Icehouse Ventures’ transition into later stage investment has corresponded with its work toward becoming the most data-driven Venture Capital firm in the Asia Pacific. Its five person product team, led by CTO Peter Thomson, analyses and compares data across the firm’s 308 investments over the past decade to make more accurate and informed decisions. 

“The most informative data is built over time. There is a big difference between looking over the books for a month versus tracking a company's progress over many years,” says Paul.

“The super power we are building is based on blending quantitative data sets on metrics like revenue growth with qualitative observations such as the ability of a CEO to communicate an ambitious vision or to attract and retain great talent.”

However, Robbie emphasised deal access is a critical feature in a market that increasingly includes global venture funds.

“When you’re looking at the meteoric revenue growth of the likes of Tracksuit or Hnry, deal access becomes more important than traditional due diligence. That is where our unique relationships, information, and pre-emptive rights have served us well,” says Paul.

Growth Fund I

Growth Fund 1 raised $110m in 2021 from investors including Simplicity, an Iwi, Hobson Wealth, and >500 high net worth investors and family offices from around the world. There have been 32 investments to date including Halter, Hnry, Dawn

Aerospace, Crimson Education, and Mint Innovation. (Recent press related to Fund I companies: Nilo, Vertus Energy, Halter, Dawn, Biolumic, Sharesies, Tracksuit.)

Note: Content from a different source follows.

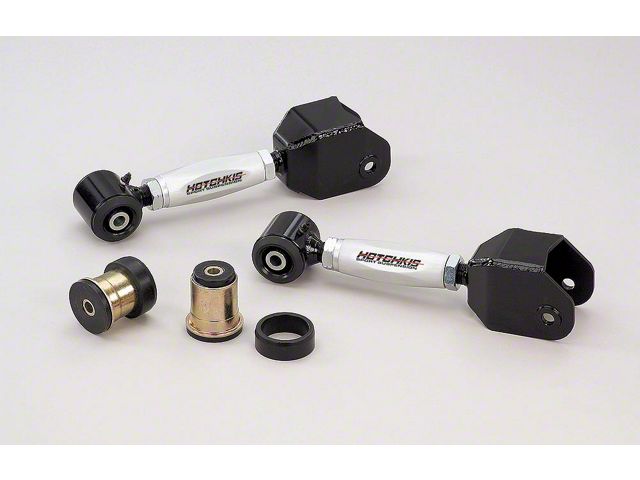 Hotchkis Performance adjustable upper trailing arms improve traction, reduce wheel hop, and improve handling and stability. The adjustable design allows for pinion angle adjustments to correct drive line vibrations or to improve launches. Designed as direct replacements for weak stock trailing arms, Hotchkis trailing arms feature Tig welded construction from one piece of parent material, quiet operating greasable polyurethane bushings, and a powder coated finish. Black Powder coat. Specs:Length Stock Arm 12.800" 1203A 12.332"-13.300"

Aggregate annual revenue by the portfolio exceeds $250m – an increase of $100m from when the Growth Fund first invested. Nine are generating more than $10m, three are pushing $20m, and one exceeds $100m in annual revenue.

Icehouse Ventures funds has attracted investment from more than 1,500 high net worth investors and a growing number of institutional-grade funders including Simplicity, Harbour Asset Management, Hobson Wealth, and Ngati Apa ki te Ra To.